San Gabriel Valley Real Estate Search

Whittier

So you want to live in a city that has character?

Whittier, which stretches east-west between the 605 freeway and La Habra and lies just south of the Puente Hills, has plenty of character.

But here’s another question to consider first: What kind of character do you want? Whittier has many different kinds.

The city gets more urbanized and developed the closer you move to the 605 freeway; but if you're traveling along Greenleaf Avenue and adjacent streets (generally known as “uptown”), there's a hip, cultural atmosphere  thanks to the area’s small businesses and restaurants.

But that's not all. In the historic neighborhoods of Whittier College, there’s a small-town flavor (complete with beautiful Craftsman-style homes). In East Whittier, residents enjoy a quiet, suburban experience while other developments, like Starlite Estates and Friendly Hills, offer something far more gentrified and exclusive.

In Whittier’s case, then, it seems that a city can be all things to all people.

But that’s a far cry from what the city was like more than a century ago.

Once owned by Pio Pico, the last Mexican governor of California (his adobe house still sits on a small state historic park site on the city’s western edge), the land that became Whittier was settled by Quakers and became a thriving citrus community in the late 1800s.

Those early settlers paid tribute to the simplicity of their religious beliefs by naming the city after John Greenleaf Whittier, a celebrated Quaker poet who was deeply touched by this honor and even wrote a poem about it  … though he never traveled west to visit the city.

Another important figure associated with Whittier—and one who, unlike the city’s namesake, spent some time there—was the young future president Richard Nixon. Born in nearby Yorba Linda, Nixon played football at Whittier High School and attended Whittier College before launching his political career as a congressman.

According to a 2009 census, the estimated median Whittier household income of $66,000 was above the state average; the same is true of the city’s housing values, which were estimated at $430,000.

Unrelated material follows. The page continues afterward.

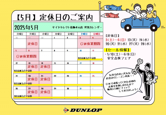 いつもお世話になっております。タイヤセレクト葛飾水元店です。 年末は12月26日(金)までの営業となります。 12月27日(土)~ 2026年1月4日(日)は 休業日 年始は1月5日(月)からの通常営業となりま...

The city has its own newspaper (the long-running Whittier Daily News), and a large number of public school districts (Whittier City, East Whittier, Whittier Union High School, to name a few) and private schools (several Catholic and nondenominational Christian schools are located in the city). Higher education is offered locally by Whittier College as well as Rio Hondo Community College.

Whittier is a place with a rich, diverse heritage—something the community prides itself on, taking efforts to preserve the past even as it caters to the 85,000 people who call it home today.